**Dataset extract**
________________

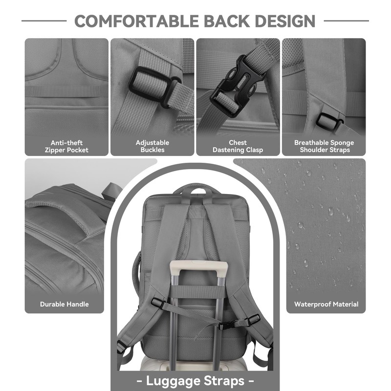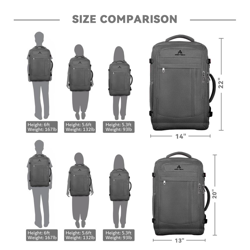 - đăExpandable & Large CapacityăThis large travel backpack is designed to be expandable, backpack for travel giving you a large capacity pack up to 40L, unzipping to get larger storage space. The carry on backpack for men women fits overhead and under seat while on state of standard carry on size, ideal for business or weekend travel, and easily carried on most flights.
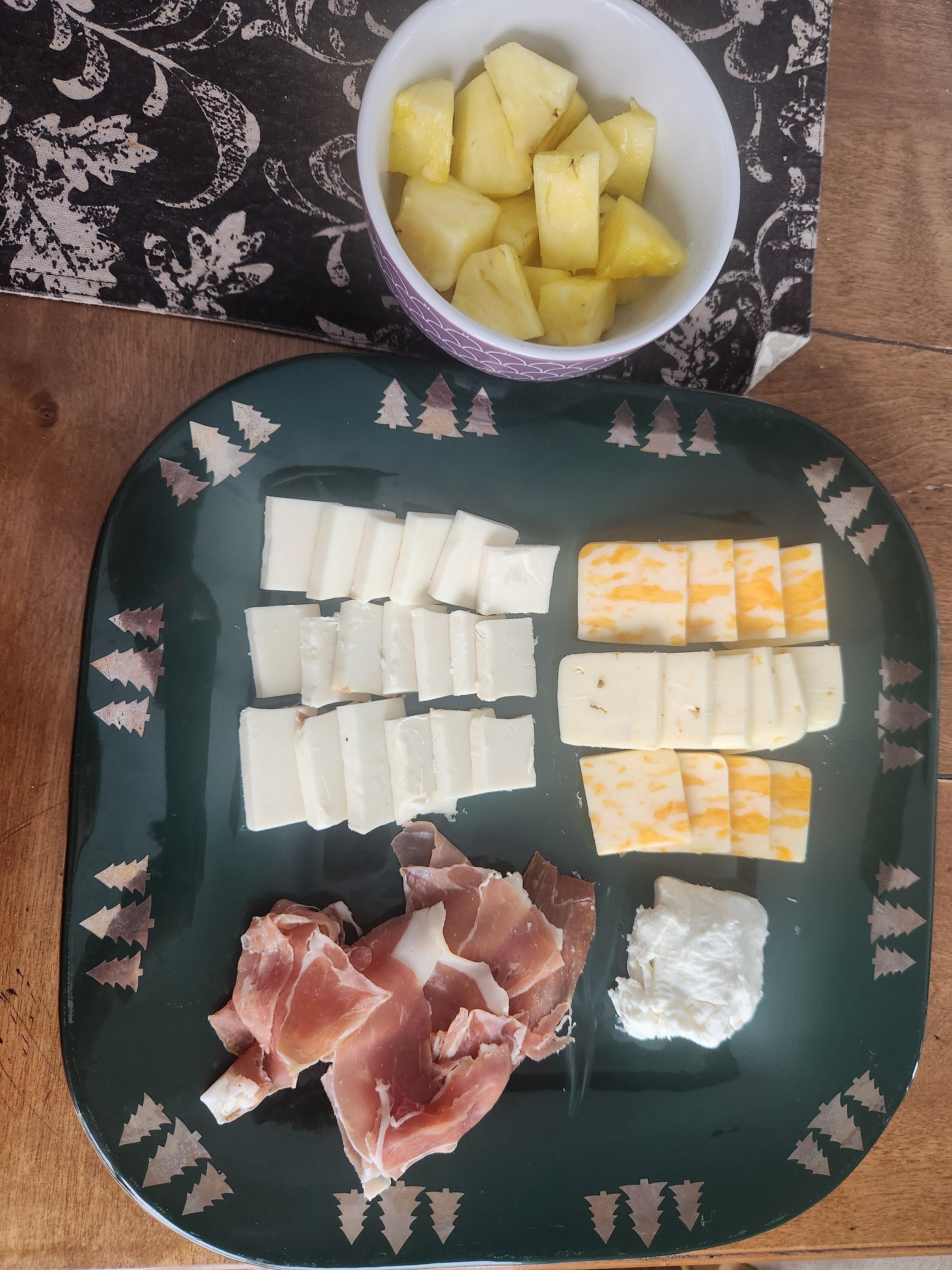 Pineapple, gouda, col-jack, pepper jack, prosciutto, honey goat cheese. by mashed_potato_auntie Charcuterie Charcuterie Board
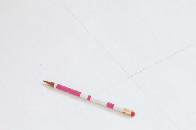 3. Use the cut-out square to create a grid pattern of squares on your primed rug area. Simply place the square in the bottom left corner and line it up with the primed edges. Use a pencil to lightly draw a line around the square. Move the square to the right, line it up and trace around it. Keep moving the square across the floor and then above the first row of squares tracing the square until you have the area covered in a grid pattern.
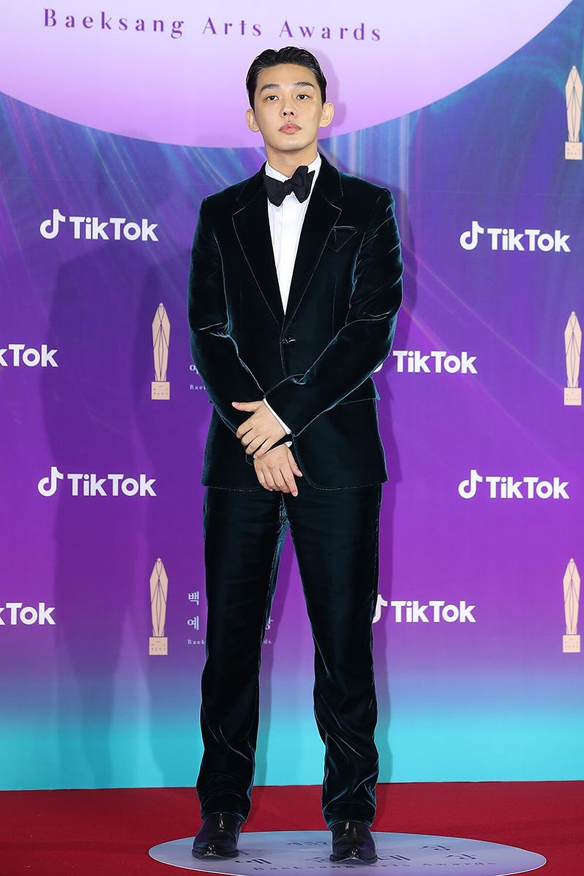 獲得第57屆百想藝術大賞影帝的劉亞仁,則是以深色燈芯絨西裝參加頒獎典禮,在燈光的變化下,燈芯絨透出藍色光澤,十分別緻。

________________

**Your objective**
Copy out every line above without change, dropping the pictures.

**Expected output**
 - đăExpandable & Large CapacityăThis large travel backpack is designed to be expandable, backpack for travel giving you a large capacity pack up to 40L, unzipping to get larger storage space. The carry on backpack for men women fits overhead and under seat while on state of standard carry on size, ideal for business or weekend travel, and easily carried on most flights.
 Pineapple, gouda, col-jack, pepper jack, prosciutto, honey goat cheese. by mashed_potato_auntie Charcuterie Charcuterie Board
 3. Use the cut-out square to create a grid pattern of squares on your primed rug area. Simply place the square in the bottom left corner and line it up with the primed edges. Use a pencil to lightly draw a line around the square. Move the square to the right, line it up and trace around it. Keep moving the square across the floor and then above the first row of squares tracing the square until you have the area covered in a grid pattern.
 獲得第57屆百想藝術大賞影帝的劉亞仁,則是以深色燈芯絨西裝參加頒獎典禮,在燈光的變化下,燈芯絨透出藍色光澤,十分別緻。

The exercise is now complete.